**WHAT TO WORK ON**: Reproduce the records below exactly from their first line through the line containing "Папка-вкладыш с перфорацией, А4+.", omitting all pictures.

==============================

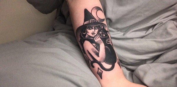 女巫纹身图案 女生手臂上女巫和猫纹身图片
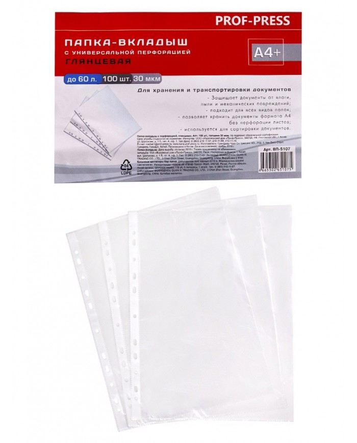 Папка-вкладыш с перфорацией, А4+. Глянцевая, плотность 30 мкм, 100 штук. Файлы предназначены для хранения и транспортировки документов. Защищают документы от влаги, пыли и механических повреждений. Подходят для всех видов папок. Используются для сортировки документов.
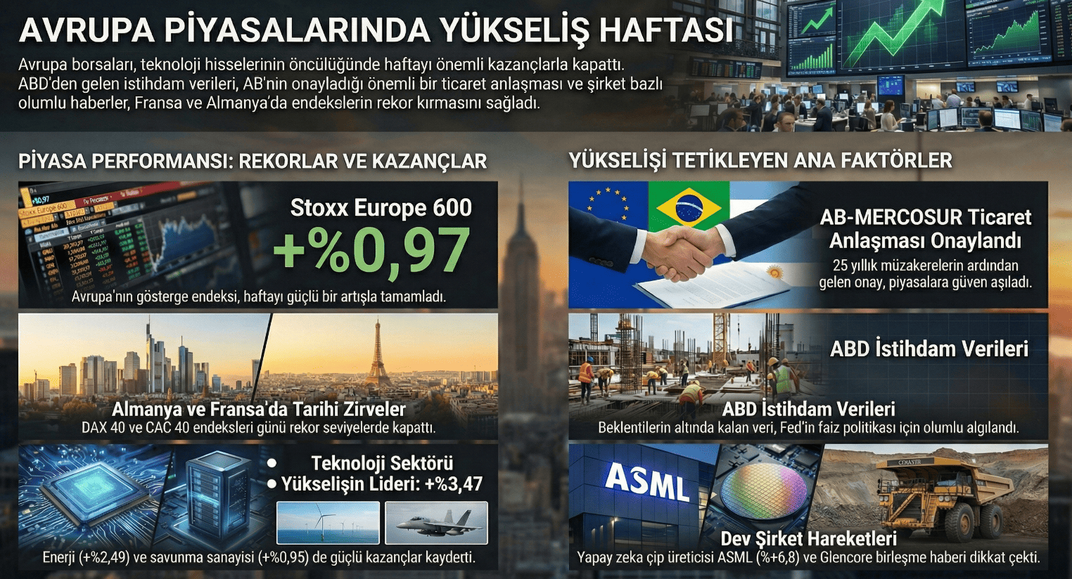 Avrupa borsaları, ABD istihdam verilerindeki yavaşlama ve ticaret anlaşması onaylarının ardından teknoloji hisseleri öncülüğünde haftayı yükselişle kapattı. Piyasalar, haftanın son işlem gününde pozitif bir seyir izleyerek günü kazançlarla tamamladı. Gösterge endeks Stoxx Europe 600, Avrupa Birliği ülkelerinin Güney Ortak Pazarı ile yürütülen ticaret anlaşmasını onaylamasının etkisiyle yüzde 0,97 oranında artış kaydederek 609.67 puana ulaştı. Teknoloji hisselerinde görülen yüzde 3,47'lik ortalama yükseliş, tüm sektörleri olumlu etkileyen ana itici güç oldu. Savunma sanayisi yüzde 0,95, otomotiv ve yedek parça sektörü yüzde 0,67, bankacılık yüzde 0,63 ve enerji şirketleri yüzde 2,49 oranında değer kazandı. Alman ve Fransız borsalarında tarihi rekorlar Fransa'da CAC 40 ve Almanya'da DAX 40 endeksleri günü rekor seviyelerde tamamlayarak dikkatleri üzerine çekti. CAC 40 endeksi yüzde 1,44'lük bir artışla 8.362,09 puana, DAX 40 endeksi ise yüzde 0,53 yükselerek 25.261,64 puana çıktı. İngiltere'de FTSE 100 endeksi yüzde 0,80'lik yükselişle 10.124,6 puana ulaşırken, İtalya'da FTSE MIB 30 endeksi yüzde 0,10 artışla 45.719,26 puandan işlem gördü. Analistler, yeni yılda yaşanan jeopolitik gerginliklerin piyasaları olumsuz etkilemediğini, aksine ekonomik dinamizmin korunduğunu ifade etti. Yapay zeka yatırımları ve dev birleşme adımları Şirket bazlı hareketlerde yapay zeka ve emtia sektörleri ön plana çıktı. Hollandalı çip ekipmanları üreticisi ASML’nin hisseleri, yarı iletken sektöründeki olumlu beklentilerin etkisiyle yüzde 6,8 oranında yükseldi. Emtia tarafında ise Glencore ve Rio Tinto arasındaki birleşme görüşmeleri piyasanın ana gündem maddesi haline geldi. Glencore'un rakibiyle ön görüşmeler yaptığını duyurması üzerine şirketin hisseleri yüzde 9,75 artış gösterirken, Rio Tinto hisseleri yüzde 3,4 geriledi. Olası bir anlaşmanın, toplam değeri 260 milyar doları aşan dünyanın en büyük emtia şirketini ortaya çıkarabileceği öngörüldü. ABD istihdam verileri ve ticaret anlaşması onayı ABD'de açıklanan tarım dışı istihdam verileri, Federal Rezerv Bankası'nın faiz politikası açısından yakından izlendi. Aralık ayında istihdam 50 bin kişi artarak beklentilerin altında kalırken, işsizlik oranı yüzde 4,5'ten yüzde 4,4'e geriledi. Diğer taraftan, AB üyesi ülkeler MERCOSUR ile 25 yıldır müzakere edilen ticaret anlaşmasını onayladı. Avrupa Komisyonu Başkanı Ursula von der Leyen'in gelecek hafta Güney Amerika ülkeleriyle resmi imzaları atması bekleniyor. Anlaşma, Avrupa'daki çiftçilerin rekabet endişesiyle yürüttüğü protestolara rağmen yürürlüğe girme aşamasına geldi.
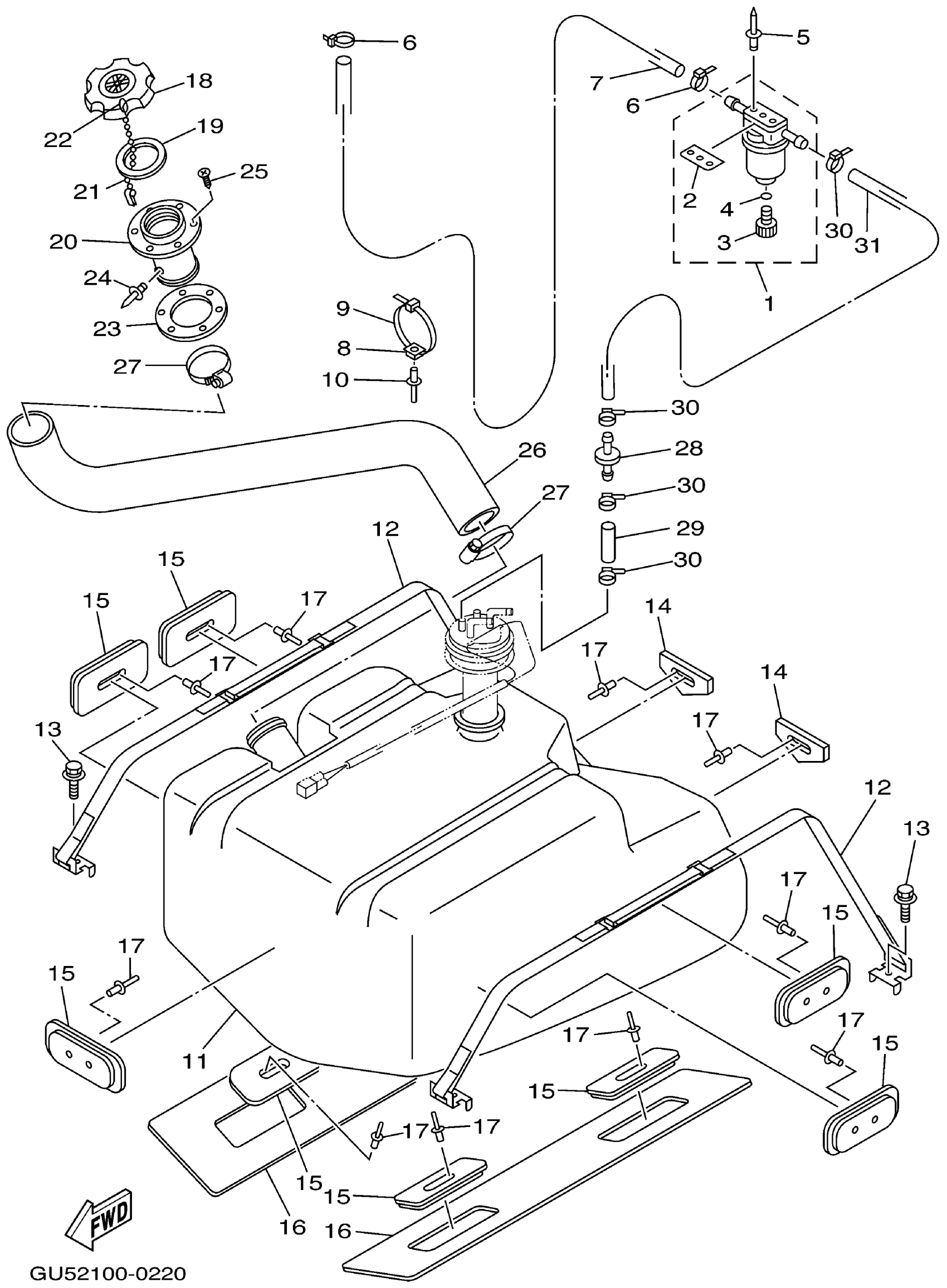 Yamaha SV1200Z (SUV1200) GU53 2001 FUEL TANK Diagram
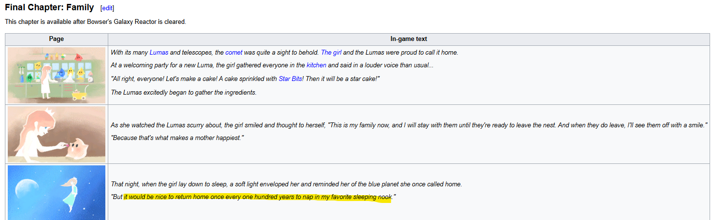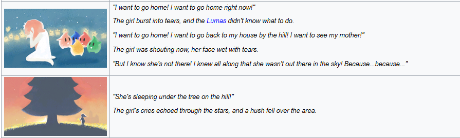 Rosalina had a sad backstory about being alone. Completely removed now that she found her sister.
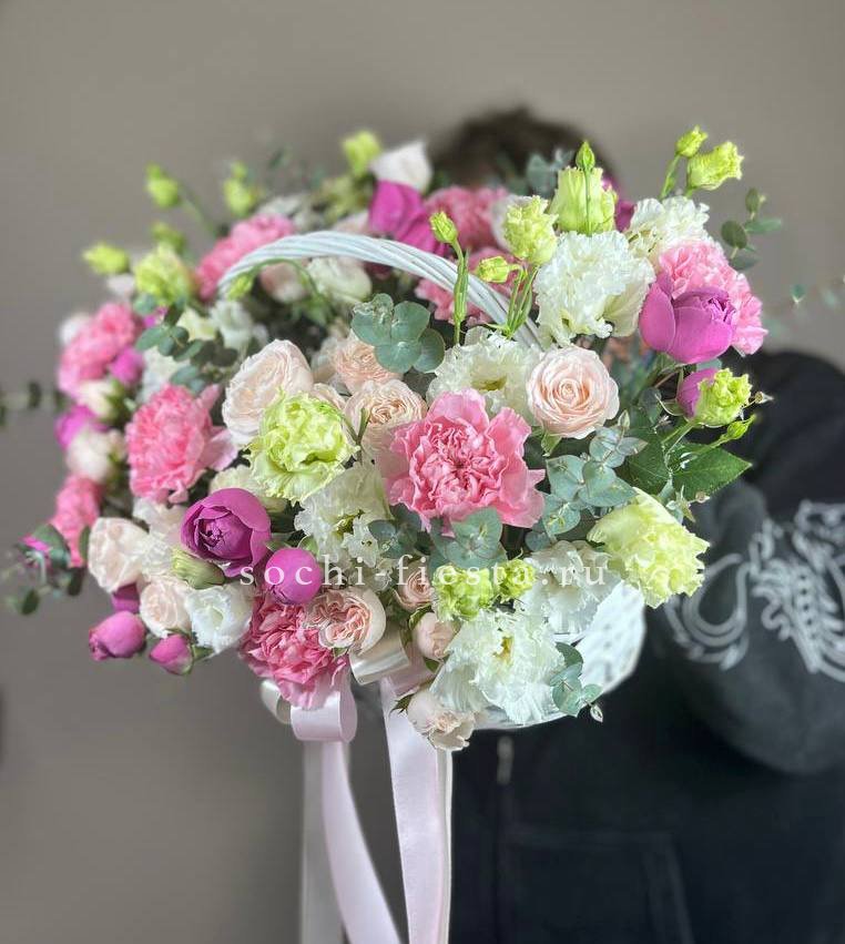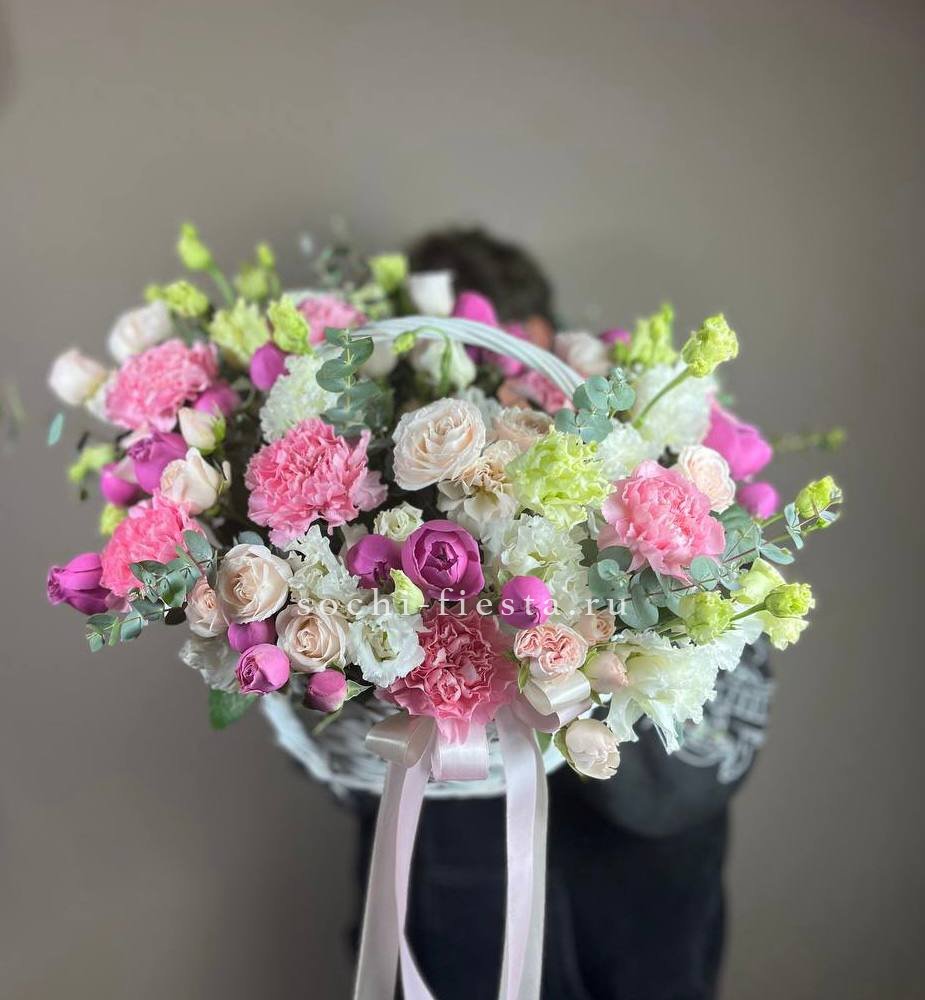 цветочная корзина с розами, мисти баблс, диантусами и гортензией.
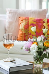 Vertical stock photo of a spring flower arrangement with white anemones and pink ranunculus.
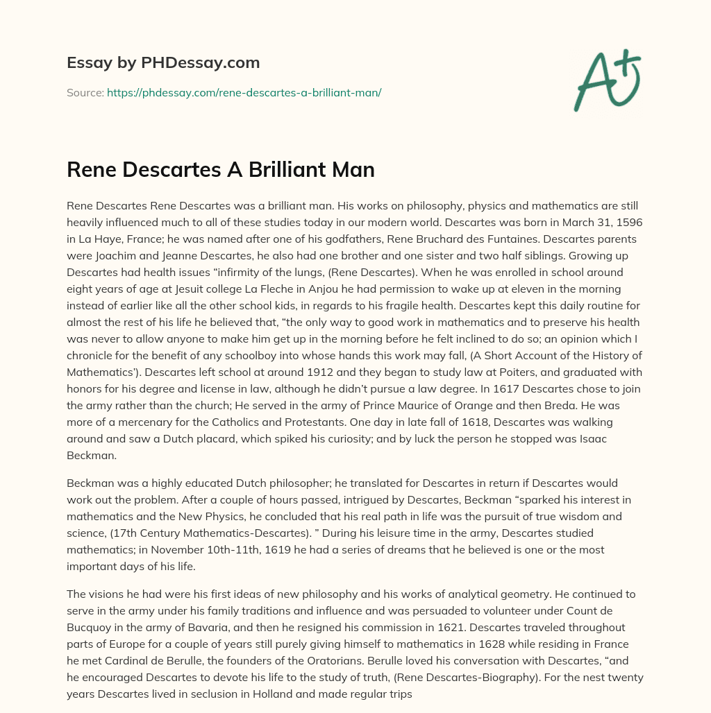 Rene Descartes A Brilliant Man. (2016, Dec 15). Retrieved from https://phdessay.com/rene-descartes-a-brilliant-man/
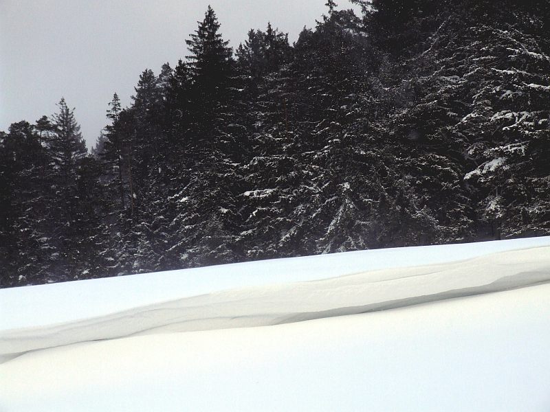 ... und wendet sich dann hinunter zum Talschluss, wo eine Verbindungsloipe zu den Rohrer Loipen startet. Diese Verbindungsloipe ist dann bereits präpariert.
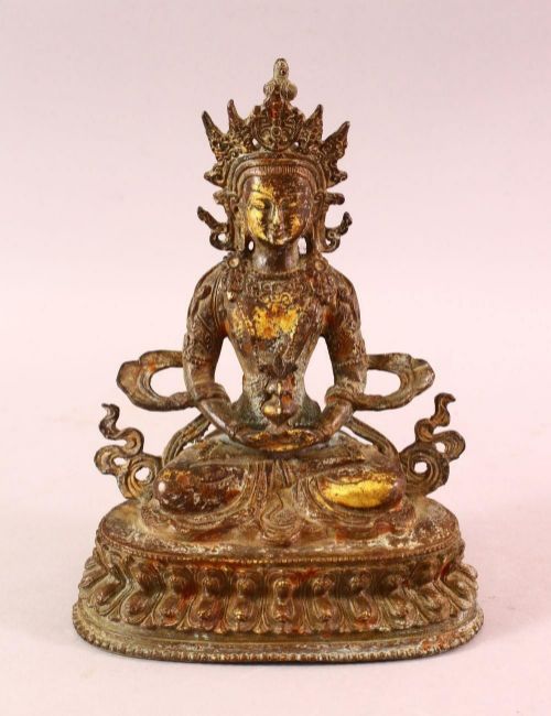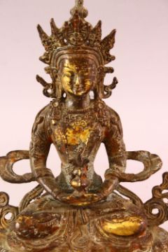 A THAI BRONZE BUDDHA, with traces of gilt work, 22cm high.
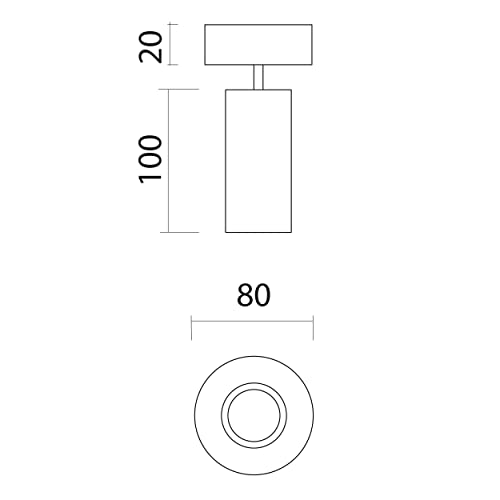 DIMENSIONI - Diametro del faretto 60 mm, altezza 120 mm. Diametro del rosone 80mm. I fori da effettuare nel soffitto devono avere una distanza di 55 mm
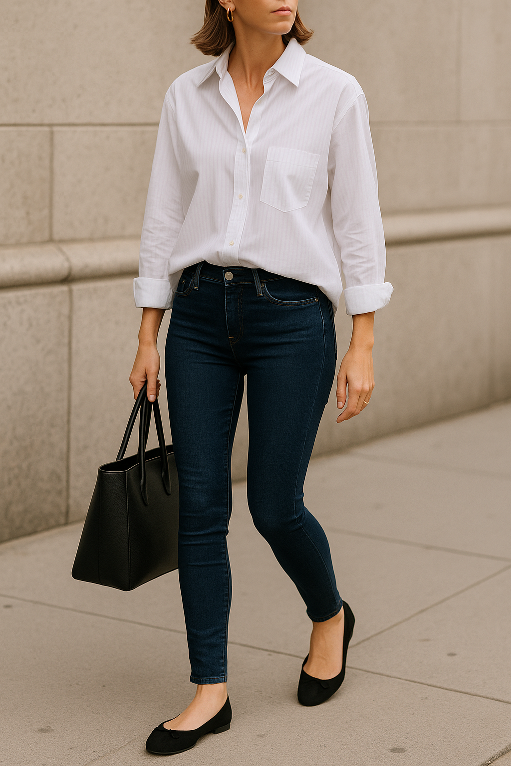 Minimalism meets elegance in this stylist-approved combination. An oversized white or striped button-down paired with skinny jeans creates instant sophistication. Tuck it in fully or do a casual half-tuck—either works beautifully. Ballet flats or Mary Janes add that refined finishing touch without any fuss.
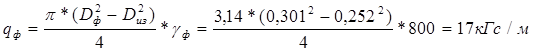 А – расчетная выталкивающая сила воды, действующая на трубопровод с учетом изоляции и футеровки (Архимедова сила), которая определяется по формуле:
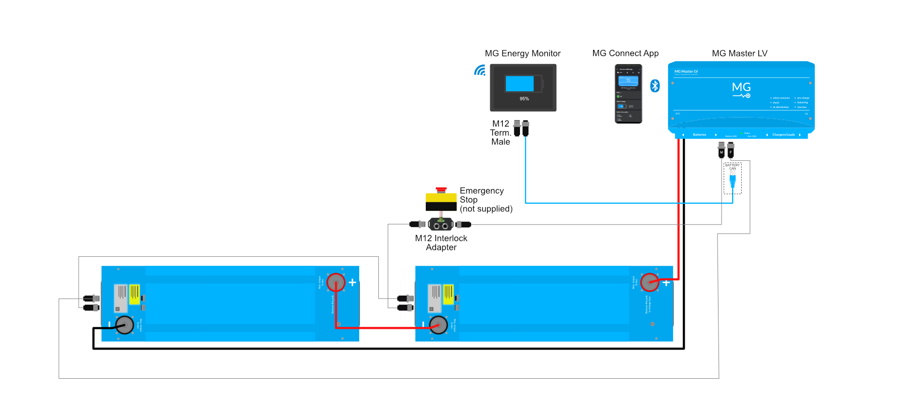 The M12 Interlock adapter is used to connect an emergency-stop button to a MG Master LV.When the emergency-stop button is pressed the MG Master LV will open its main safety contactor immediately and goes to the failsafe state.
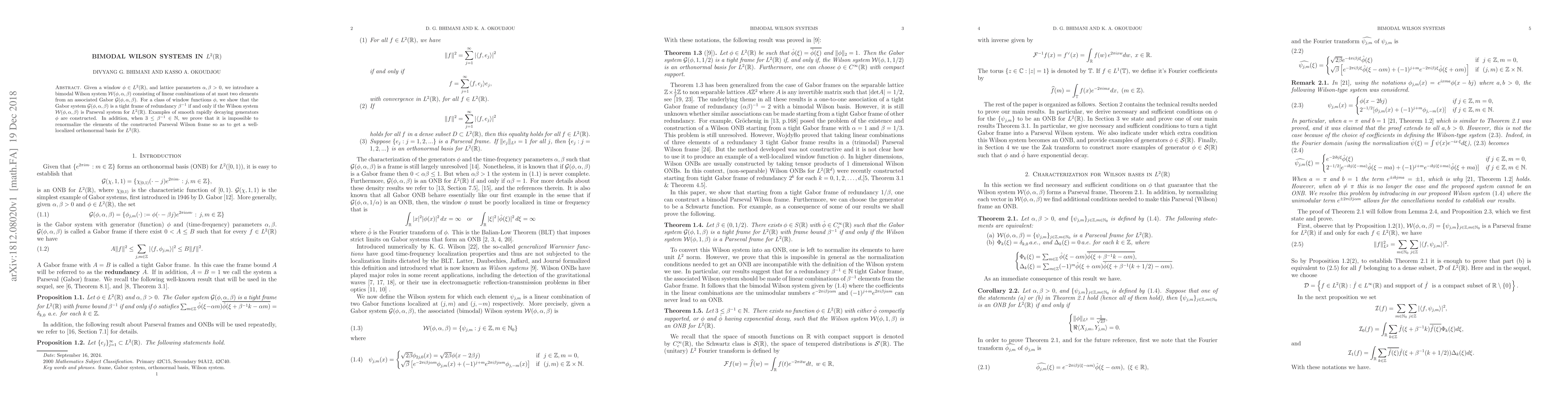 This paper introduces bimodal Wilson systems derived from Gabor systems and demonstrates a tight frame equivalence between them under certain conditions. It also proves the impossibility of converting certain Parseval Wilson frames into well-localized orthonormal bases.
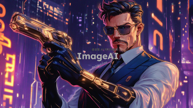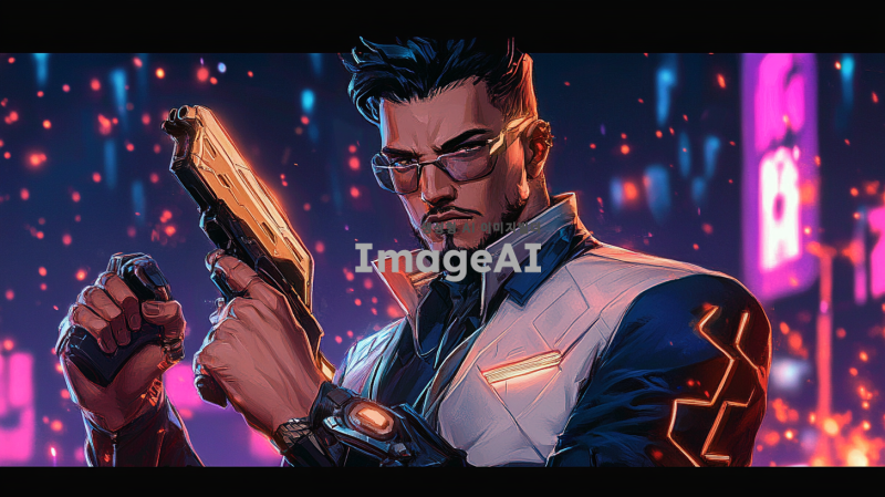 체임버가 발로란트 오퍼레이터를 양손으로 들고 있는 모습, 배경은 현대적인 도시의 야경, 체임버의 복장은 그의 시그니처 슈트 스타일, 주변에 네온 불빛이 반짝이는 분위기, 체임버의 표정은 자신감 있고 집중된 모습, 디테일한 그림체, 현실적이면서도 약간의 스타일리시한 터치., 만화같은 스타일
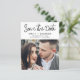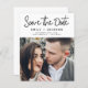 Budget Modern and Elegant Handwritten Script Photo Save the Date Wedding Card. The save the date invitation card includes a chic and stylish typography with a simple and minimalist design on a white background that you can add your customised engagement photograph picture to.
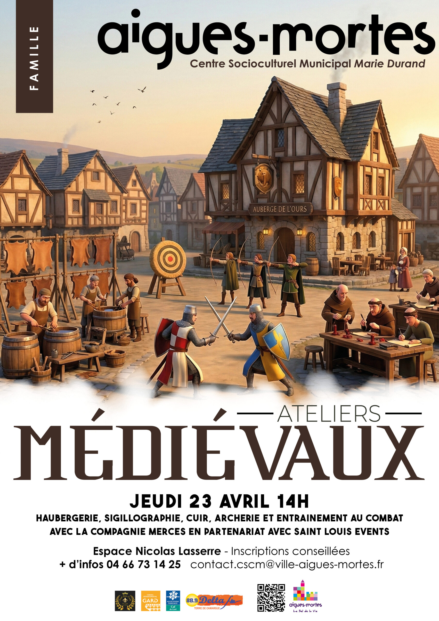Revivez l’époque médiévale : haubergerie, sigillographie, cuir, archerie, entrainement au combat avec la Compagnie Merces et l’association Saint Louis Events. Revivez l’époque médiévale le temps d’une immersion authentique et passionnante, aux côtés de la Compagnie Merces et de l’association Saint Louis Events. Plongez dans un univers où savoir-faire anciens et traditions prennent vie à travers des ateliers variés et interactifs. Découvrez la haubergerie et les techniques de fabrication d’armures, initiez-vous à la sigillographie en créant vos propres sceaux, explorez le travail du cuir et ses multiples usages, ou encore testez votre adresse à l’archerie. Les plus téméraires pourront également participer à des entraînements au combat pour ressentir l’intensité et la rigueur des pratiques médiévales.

==============================

**WRITTEN SOLUTION**:
 女巫纹身图案 女生手臂上女巫和猫纹身图片
 Папка-вкладыш с перфорацией, А4+. Глянцевая, плотность 30 мкм, 100 штук. Файлы предназначены для хранения и транспортировки документов. Защищают документы от влаги, пыли и механических повреждений. Подходят для всех видов папок. Используются для сортировки документов.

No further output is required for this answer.